We've been a one car family for about three weeks now and it's not been fun at all since it really extends Nate's day. When he works he's basically gone for 12-13 hours. If I can pick him up or drop him off to meet his train then he's only gone for 12 hours, otherwise he's gone for at least 13 hours. We were expecting to buy a used van from one of Nate's co-workers over the weekend but the battery in the van died and he couldn't drive it to work to give it to Nate. Nate's co-worker is going to get a new battery in the van for us on his next day off and hopefully we'll have the van just before the girls and I leave for Guatemala.
Then yesterday I received an email that someone I cared for had passed away on Tuesday. Rich Krane was a wonderful man. He went by Jagi and was Cole and Dylan's grandpa. Cole and Dylan were the two children I took care of when I worked as a nanny. His death was unexpected even though I knew his health was bad. I spent a lot of time with Rich when Cole was young and he was the easiest person to talk to.
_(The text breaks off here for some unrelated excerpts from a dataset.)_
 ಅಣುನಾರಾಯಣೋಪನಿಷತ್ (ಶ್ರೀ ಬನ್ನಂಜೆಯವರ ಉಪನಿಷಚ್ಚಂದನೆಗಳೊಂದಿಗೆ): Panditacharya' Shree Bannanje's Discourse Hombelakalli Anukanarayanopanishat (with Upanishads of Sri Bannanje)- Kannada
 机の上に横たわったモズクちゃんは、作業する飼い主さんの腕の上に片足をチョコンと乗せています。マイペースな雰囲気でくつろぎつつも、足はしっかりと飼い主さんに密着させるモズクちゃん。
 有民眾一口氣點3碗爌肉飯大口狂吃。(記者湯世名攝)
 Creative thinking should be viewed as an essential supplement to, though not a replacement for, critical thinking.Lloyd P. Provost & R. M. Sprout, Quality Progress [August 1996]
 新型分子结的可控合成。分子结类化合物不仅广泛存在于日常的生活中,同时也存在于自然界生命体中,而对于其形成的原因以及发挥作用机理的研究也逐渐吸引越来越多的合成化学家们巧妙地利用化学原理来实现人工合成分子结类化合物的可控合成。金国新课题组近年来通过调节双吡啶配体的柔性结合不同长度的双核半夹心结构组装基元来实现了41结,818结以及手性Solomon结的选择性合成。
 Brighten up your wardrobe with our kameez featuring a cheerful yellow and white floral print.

I never heard a mean comment come out his mouth and he always knew how to make someone feel valued. He constantly complimented me and told me what a good job I did taking care of Cole and Dylan. We spent a lot of time going to parks, Target, or Chucky Cheese. Before Dylan was born, Cole and I went out with Jagi once a week. When I had Sanaa and stopped working for the Weitzul family, Rich continued to call me every now and then to say hi and let me know he missed our time together. I would then find out that he and Cole were at Target and they were reminiscing about all the times the three of us would go to Target together. A couple of months ago Rich called and I'm so glad I answered the call. Rich called at a time that wasn't the best but I answered it anyway. I had no idea that it would be the last time I would talk with Rich. I think knowing that makes me more aware that I need to stop getting so caught up with my to do list or whatever else I think is important and take the call from someone that is important to me. My to do list will never end but the opportunities to talk with those I care about will end. I am going to miss Rich's unexpected calls a great deal.
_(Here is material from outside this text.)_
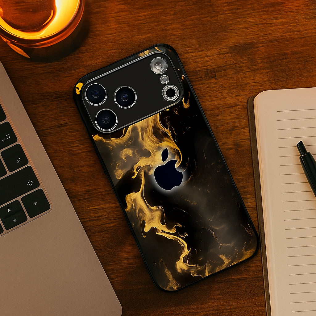 Experience the captivating allure of Golden Eclipse — a design that mirrors the rare beauty of light piercing through darkness. The deep black base is illuminated by molten gold swirls that dance like solar flares across the surface, creating an aura of luxury and mystique.
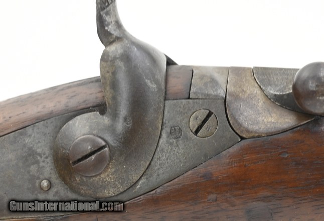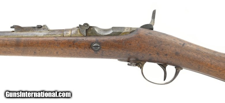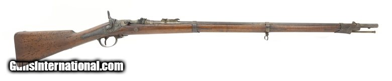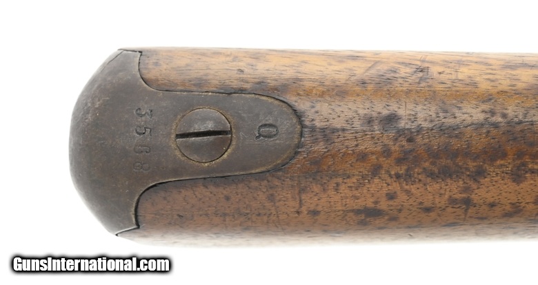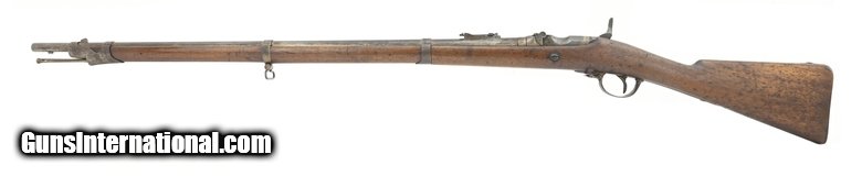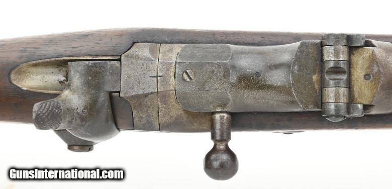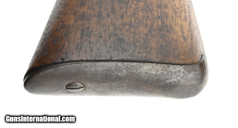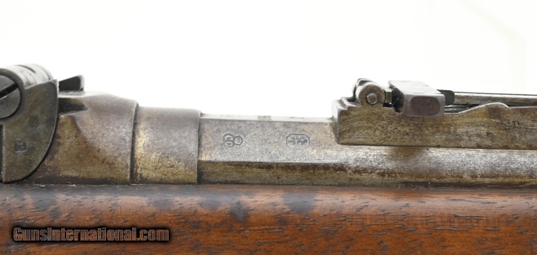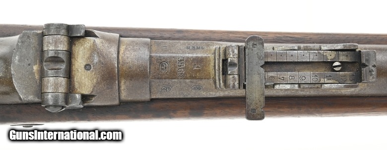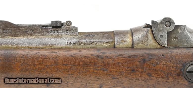 Description: "British-manufactured Albini-Broendlin rifle dated 1868. The majority of these rifles were manufactured in Belgium for their use and for foreign customers, including Japan. This rifle has the crown over “V" Victorian-era proofs on the barrel, receiver, and breechblock. The caliber is marked “.430" on barrel and the rear sight is graduated in meters, a sign it was made for export. Overall length is 53½". The approximately 34½" round barrel is chambered for the 11x50Rmm centerfire cartridge. The bore is excellent. The original bright finish has a pleasing smooth brown patina. The stock is very good with issue dings and scrapes, but no cracks or chips. Serial numbers match. The action functions correctly. The cleaning rod is a replacement. The sling swivels are present. Barrel has a bayonet lug on the bottom, approximately 1 1/16" from the muzzle. This is a very nice example of the rarely-seen British-made Albini-Broendlin rifle. This rifle conforms to the Belgian Model 1888 pattern. SOLD Antique: Yes |

Today wasn't much better. For one, Rich and the memories I have of him were on my mind a lot. But this afternoon my computer died. It's dead. It won't turn on. Layla spilled a cup of water that flowed under a binder and then to the computer. According to Nate the water hit the sweet spot and short circuited the entire logic board and power system. My computer is gone. Thankfully I had backed it up fairly recently and don't think I lost much. However it's just one more bad thing to add to my list of difficult and frustrating things these past few weeks.
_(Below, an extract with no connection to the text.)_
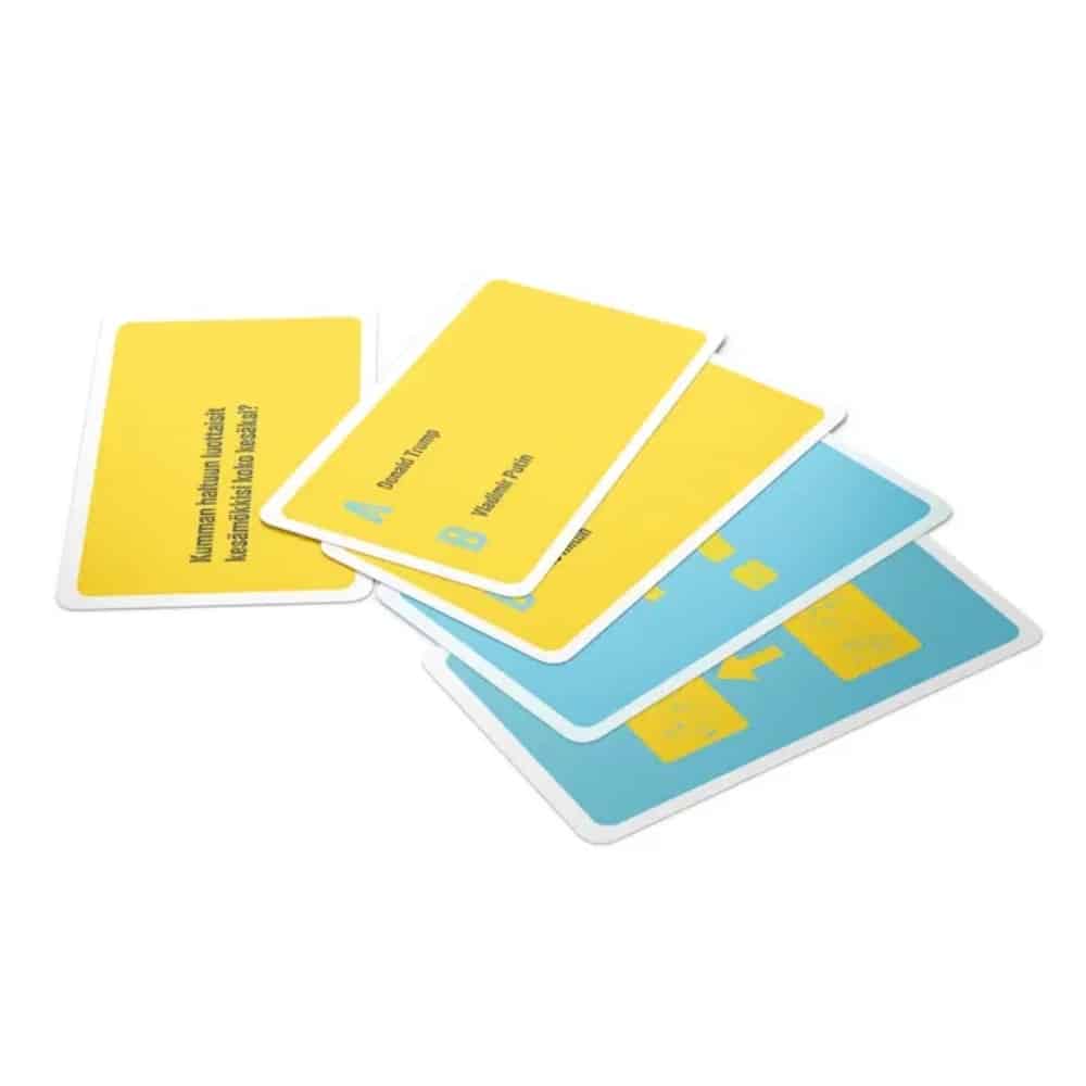 Kuka luo hulluimmat yhdistelmät? Yhdistele tunnettuja hahmoja ja hauskoja tilanteita pähkähulluin tavoin! Nosta hahmokortti ja tilannekortti. Valitse toinen hahmoista seuraksesi paljastamaasi tilanteeseen. Sitten muut pelaajat yrittävät arvata kreisin yhdistelmäsi. Jokainen oikein arvannut pelaaja saa pisteen. Eniten pisteitä kerännyt pelaaja voittaa!

I do hope to get the rest of our Mt. Hood vacation up before the girls and I leave for Guatemala but I guess we'll just see if that happens or not.
Nate was able to take my back up and load it onto his computer so for the time being we'll be sharing a computer. I'm doing this post from an iPad but I don't have access to my pictures. Luckily the pictures are now on Nate's computer so I can do write blog posts from there when he's not working on his Sunday school lesson.
All that to say I really wonder how Guatemala is going to go. So many frustrating/hard things have happened (car dying, sick kids, death of a friend, computer dying) these past few weeks that it makes me wonder if Satan is attempting to make me second guess going on this trip.
We leave a week from today. I'm anxious about the trip to Guatemala that the girls and I are going on. I've been praying that we are an encouragement to those we meet and that we all stay healthy.